From: Pavel Machek <pavel@ucw.cz>
Subject: Re: [patch] ext2/3: document conditions when reliable operation is
	possible
Date: Thu, 3 Sep 2009 11:47:09 +0200
Message-ID: <20090903094709.GG3793@elf.ucw.cz>
References: <4A9468E8.607@redhat.com> <20090825225114.GE4300@elf.ucw.cz> <4A946DD1.8090906@redhat.com> <20090825232601.GF4300@elf.ucw.cz> <4A947682.2010204@redhat.com> <20090825235359.GJ4300@elf.ucw.cz> <4A947DA9.2080906@redhat.com> <20090826001645.GN4300@elf.ucw.cz> <4A948259.40007@redhat.com> <20090826010018.GA17684@mit.edu>
Mime-Version: 1.0
Content-Type: text/plain; charset=us-ascii
To: Theodore Tso <tytso@mit.edu>, Ric Wheeler <rwheeler@redhat.com>,
	Florian Weimer <fweimer@bfk.de>,
	Goswin von Brederlow <goswin-v-b@web.de>,
	Rob Landley <rob@landley.net>,
	kernel list
Content-Disposition: inline
In-Reply-To: <20090826010018.GA17684@mit.edu>
Sender: linux-ext4-owner@vger.kernel.org

On Tue 2009-08-25 21:00:18, Theodore Tso wrote:
> On Tue, Aug 25, 2009 at 08:31:21PM -0400, Ric Wheeler wrote:
> >>> You are simply incorrect, Ted did not say that ext3 does not work
> >>> with MD raid5.
> >>
> >> http://lkml.org/lkml/2009/8/25/312
> >
> > I will let Ted clarify his text on his own, but the quoted text says "... 
> > have potential...".
> >
> > Why not ask Neil if he designed MD to not work properly with ext3?
> 
> So let me clarify by saying the following things.   
> 
> 1) Filesystems are designed to expect that storage devices have
> certain properties.  These include returning the same data that you
> wrote, and that an error when writing a sector, or a power failure
> when writing sector, should not be amplified to cause collateral
> damage with previously succfessfully written sectors.

Yes.
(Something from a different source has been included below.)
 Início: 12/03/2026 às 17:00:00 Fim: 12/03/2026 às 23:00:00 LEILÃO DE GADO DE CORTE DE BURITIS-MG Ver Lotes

Unfortunately, different filesystems expect different properties
from block devices. ext3 will work with write cache enabled/barriers
enabled, while ext2 needs write cache disabled.
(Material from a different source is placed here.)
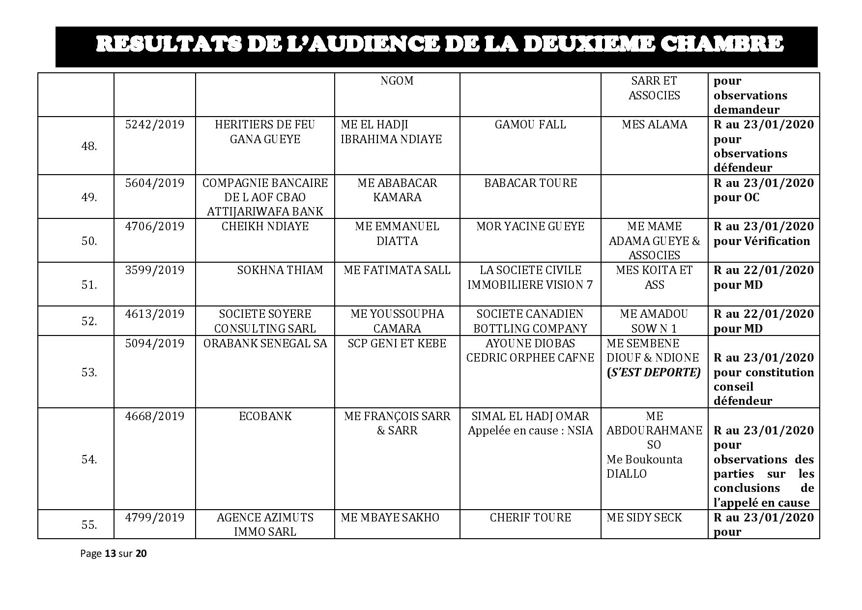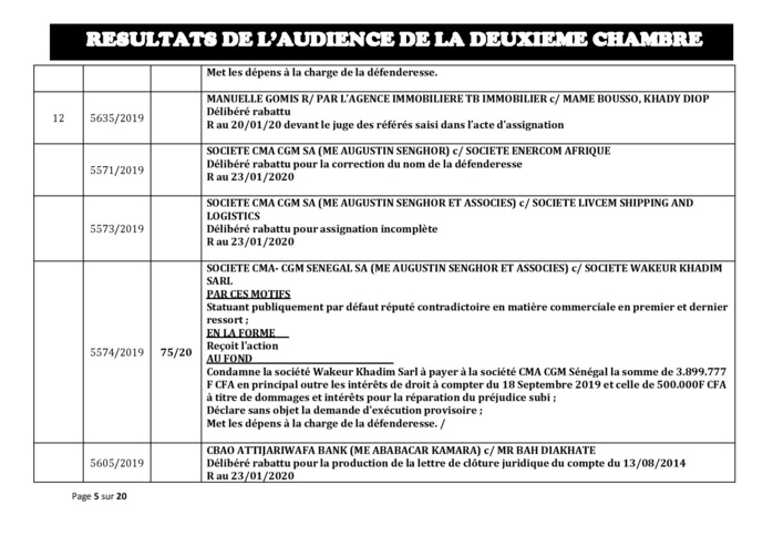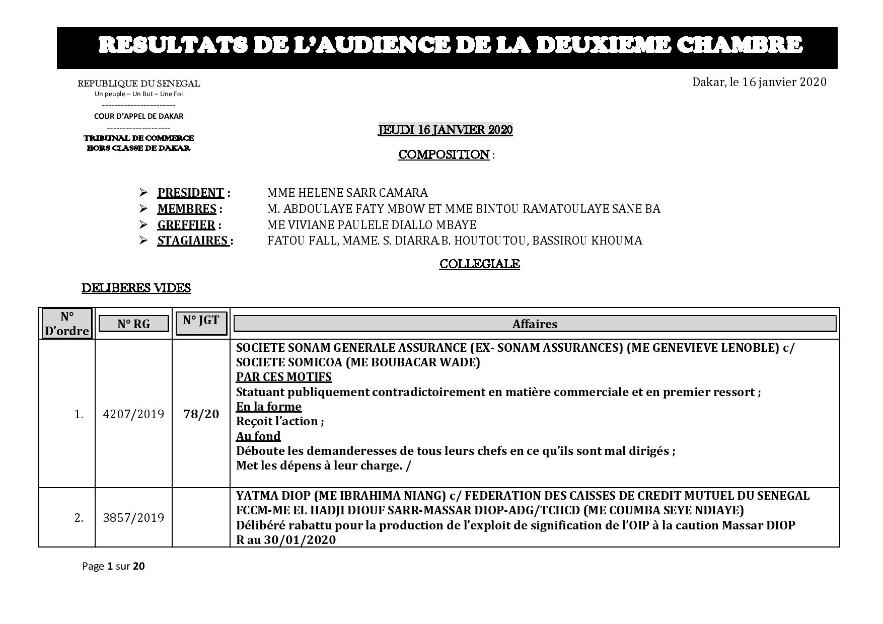 Tribunal du Commerce: Délibérés des Audiences de la 2e Chambre du jeudi 16 janvier

The requirements are also quite surprising; AFAICT ext3 can handle
disk writing garbage to single sector during powerfail, while xfs can
not handle that.

Now, how do you expect users to know these subtle details when it is
not documented anywhere? And why are you fighting against documenting
these subtleties?

> Secondly, what's the probability of a failure causes the RAID array to
> become degraded, followed by a power failure, versus a power failure
> while the RAID array is not running in degraded mode?  Hopefully you
> are running with the RAID array in full, proper running order a much
> larger percentage of the time than running with the RAID array in
> degraded mode.  If not, the bug is with the system administrator!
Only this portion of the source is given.